799 S.W.2d 10, 1990 Ky. LEXIS 95, 1990 WL 139437
CourtKentucky Supreme Court
DecidedSeptember 27, 1990
Docket89-SC-509-DG
StatusPublished
Cited by11 cases

This text of 799 S.W.2d 10 (Harris v. Rock) is published on Counsel Stack Legal Research, covering Kentucky Supreme Court primary law. Counsel Stack provides free access to over 12 million legal documents including statutes, case law, regulations, and constitutions.

Bluebook
Harris v. Rock, 799 S.W.2d 10, 1990 Ky. LEXIS 95, 1990 WL 139437 (Ky. 1990).

Opinions

VANCE, Justice.

The question is whether deposits by a husband into accounts jointly held with his children can defeat his widow’s right under K.R.S. 392.020 to receive one-half of his surplus personalty upon his death.

Rosa and Amos Rock were married August 10, 1971. Each of them had children by a previous marriage. During the course of their marriage, Amos acquired numerous certificates of deposit, each account bearing only two names; namely Amos Rock and one of his children, or Amos Rock and Rosa Rock. At the time of his death there was approximately $20,000.00 in joint accounts with each one of his seven children, and $20,000.00 in joint accounts with his wife, Rosa.

Following his death, Rosa filed this action to recover her dower interest in one-half of the personalty of Amos Rock pursuant to K.R.S. 392.020, including the money in the various joint accounts.

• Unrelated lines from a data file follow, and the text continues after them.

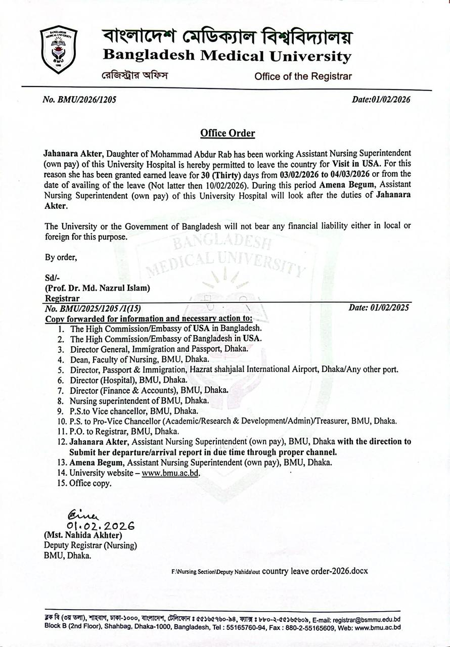| 8 | BMU/2026/1205 | Jahanara Akter , Assistant Nursing Superintendent | Director Hospital (Office) | Download |
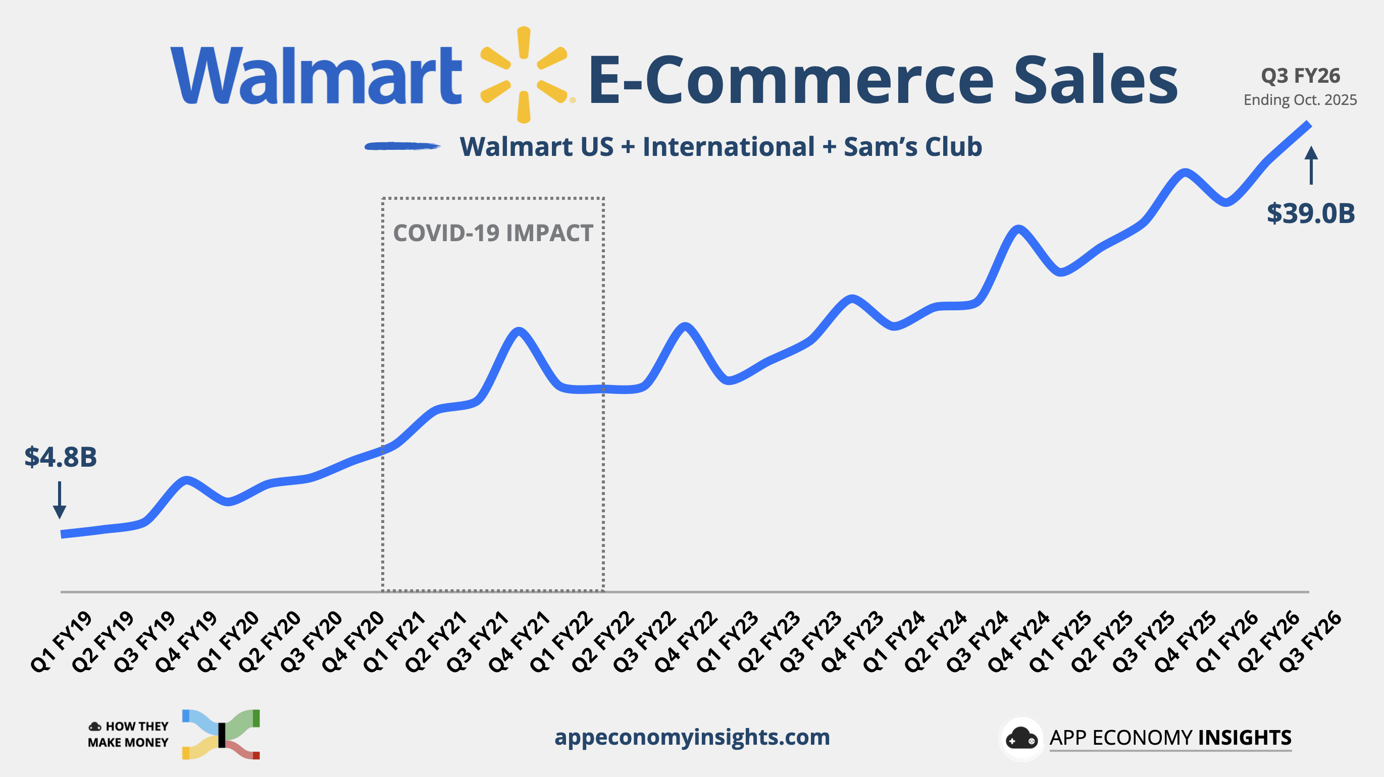 沃尔玛美国同店销售额增长4.5%,国际销售额按固定汇率计算增长11%。电子商务再次成为增长主力,全球销售额增长27%,所有线上业务板块均增长超过20%。高收入消费者的涌入、强劲的食品杂货销售势头以及百货商品销售的改善均对此有所贡献。目前,电子商务销售额已占沃尔玛总收入的近22%。
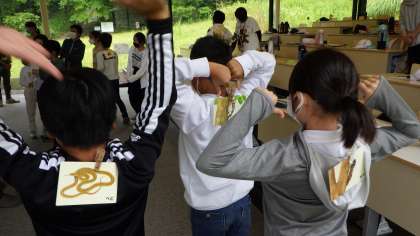 4年2組が自然観察の森に行きました。「私はだれでしょう」ゲームでは、生き物の足の数や食べ物、鳴き声、しっぽの有無などについて、質問をし合い、自分の背中にクリップで止められた動物が何なのかを一生懸命考えていました。
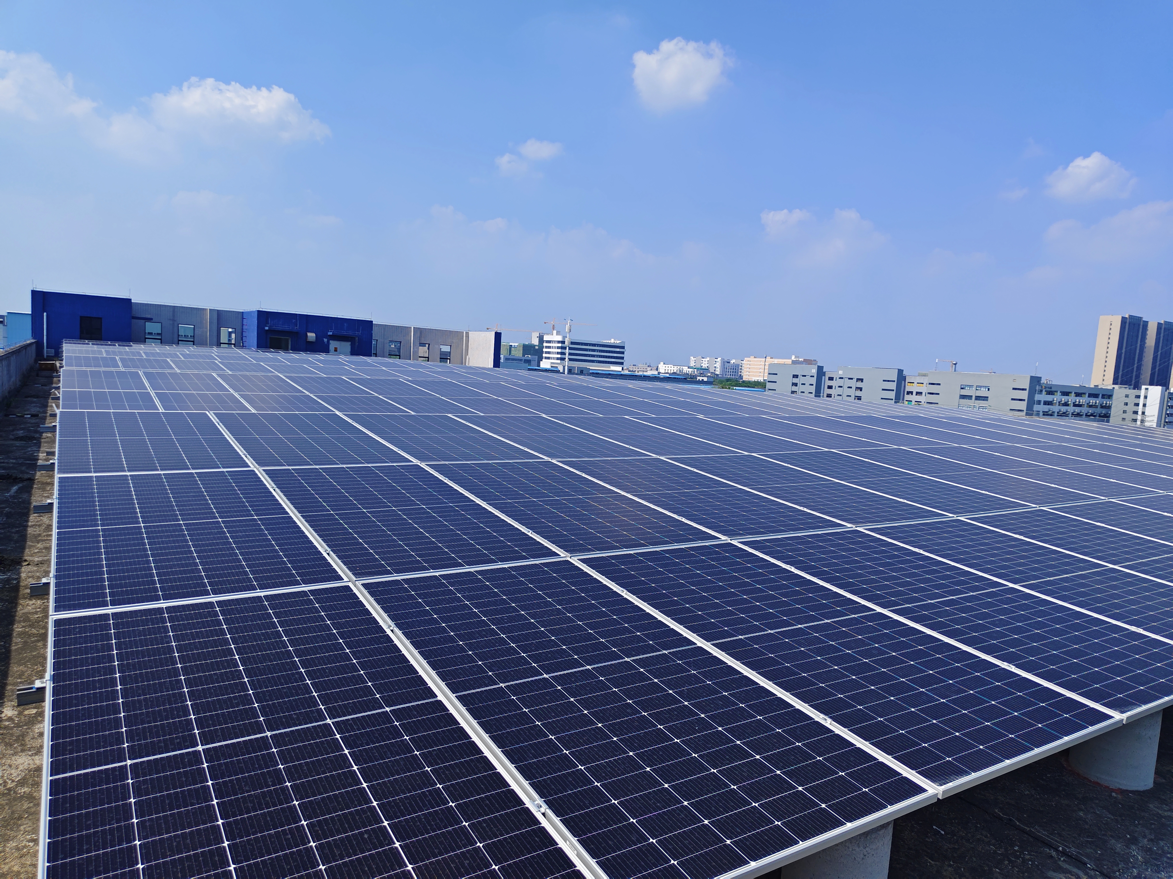 该分布式光伏电站项目充分利用了太阳集团电气的4个厂房楼顶资源,总面积约40000平方米,装机容量4MW。项目并网后采用“自发自用,余量上网”的模式,项目运营期为25年,平均每年可为电网提供绿色电量333.77万千瓦时,每年可节约标煤约1031.35吨,减少2681.51吨二氧化碳和28.88吨二氧化硫气体排放,在工厂用电高峰时间段能有效缓解五沙片区电网供电负荷压力,提高了片区用电的可靠性和稳定性。
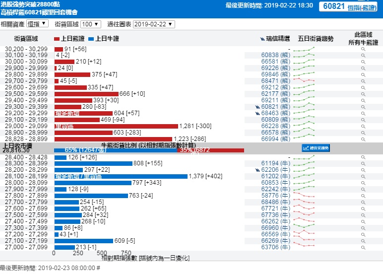 智通财经APP获悉,截至2月22日,恒指最新的牛熊街货比例65:35。从瑞信恒指牛熊证街货分布图中得到的数据显示,熊证街货重货区在29000-29099区间,该区间最新熊证数量为1281张,较上一交易日减少300张,最多新增区间在29200-29299区间,新增57张。牛证街货重货区在28100-28199区间,该区间最新牛证数量为1379张,比上一交易日增加402张。最多新增也在这一区间。
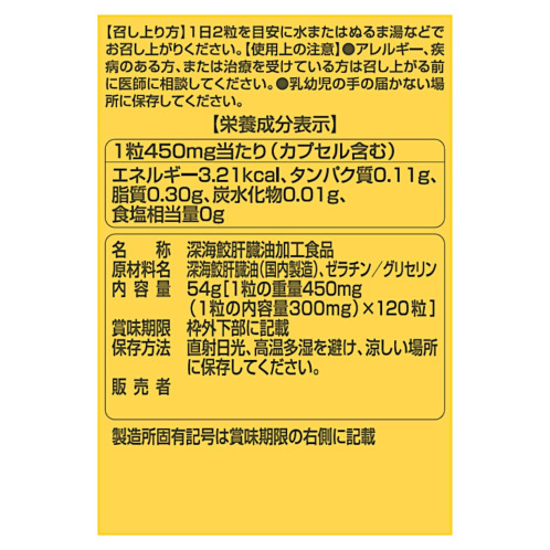 単品商品名・深海鮫肝臓油加工食品54g(1粒の重量450mg×120粒)
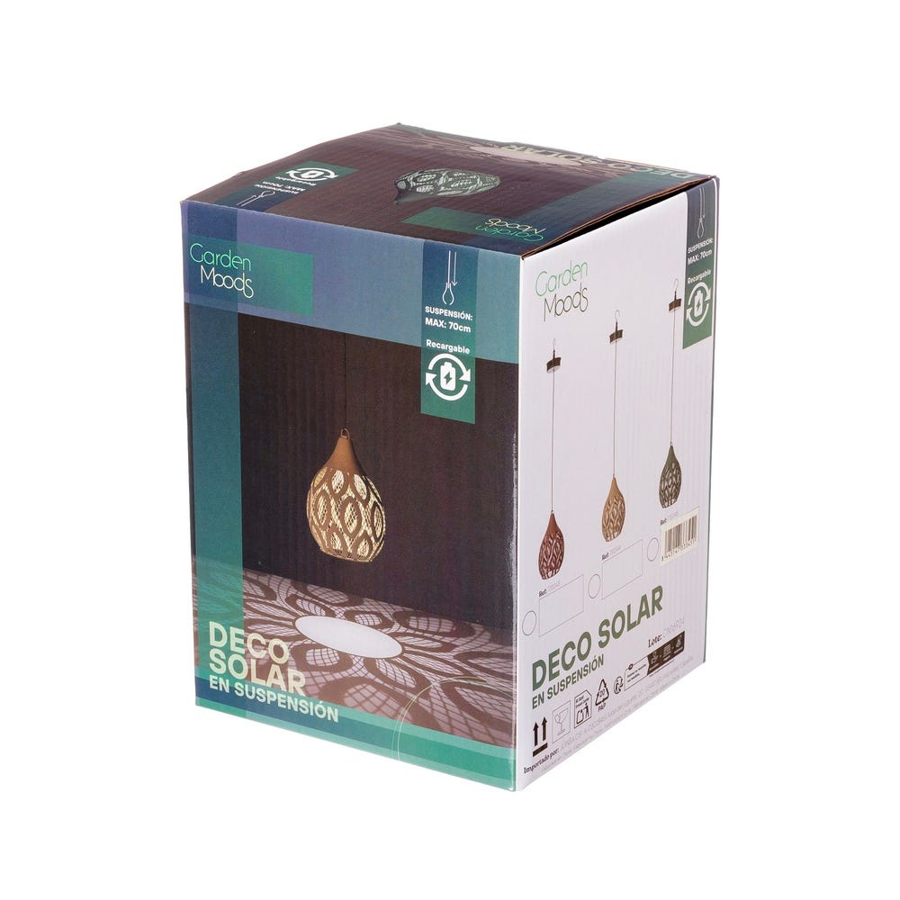 Adaugă o notă de eleganță boemă în grădină, terasă sau balcon cu această lampă solară suspendată SHEREZADE în finisaj verde mat. Cu un design inspirat din lămpile orientale, corpul metalic perforat proiectează umbre decorative delicate în timpul serii, pentru o atmosferă relaxantă și intimă.
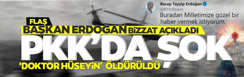 Son dakika haberi... Başkan Recep Tayyip Erdoğan, PKK'nın üst düzey isminin öldürüldüğünü duyurdu. Başkan Erdoğan ayrıca, "Hain ve bölücü örgütün Mahmur'u terörün 'kuluçka merkezi' olarak kullanmasına müsaade etmeyecek, terörü kaynağında kurutmaya devam edeceğiz." ifadelerini kullandı.

The respondents contend that K.R.S. 391.315(1) controls the decision. It provides as follows:

“(1) Sums remaining on deposit at the death of a party to a joint account belong to the surviving party or parties as against the estate of the decedent unless there is clear and convincing evidence of a different intention at the time the account is created_”

Td

The trial court rendered judgment for the widow. The Court of Appeals reversed the judgment, and we granted discretionary review. We now reverse the decision of the Court of Appeals.

The right of dower is one of long standing. A surviving spouse is entitled to an absolute one-half interest in the surplus personalty of a deceased spouse. K.R.S. 392.020. Surplus personalty as used in the statute means the personalty remaining after the payment of the debts, funeral expenses, charges of administration, and widows exemptions have been deducted from the gross personalty possessed by the decedent at the time of his death. Mattingly v. Gentry, Ky.App., 419 S.W.2d 745 (1967); Talbott’s Ex’r v. Goetz, 286 Ky. 504, 151 S.W.2d 369 (1941). The right to dower vests at the time of marriage or at the time of acquisition of subsequently acquired property. Kentucky Bank and Trust Co. v. Ashland Oil and Transportation Co., Ky.App., 310 S.W.2d 287 (1958); Wigginton v. Leech’s Adm’x., 285 Ky. 787, 149 S.W.2d 531 (1941).

In Martin v. Martin, 282 Ky. 411, 138 S.W.2d 509 (1940), we held that a widow was entitled to dower in property that her intended husband disposed of shortly before their marriage in an attempt to defeat the claim by his intended wife to dower.

We have held in many cases that the widow’s right to dower cannot be defeated by a gift by her spouse of all, or more than one-half, of his property to another with the intent to defeat the claims to dower. In Rowe v. Ratliff, 268 Ky. 217, 104 S.W.2d 437 (1937), the purchase of real property by a husband who took title in the name of his mother was held subject to the dower interest of his widow, and in Benge, et al. v. Barnett, 309 Ky. 354, 217 S.W.2d 782 (1949), we reiterated that an attempted gift by a husband of more than one-half of his personalty in an attempt to defeat the dower interest of his widow would be set aside.

[12]*12A husband is precluded not only from making gifts during his lifetime to defeat the dower interests of his wife, but he is also prohibited from disposing of his property by will to defeat dower because, in such a case, the widow can renounce the will and take her interest as provided by K.R.S. 392.020. See K.R.S. 392.080.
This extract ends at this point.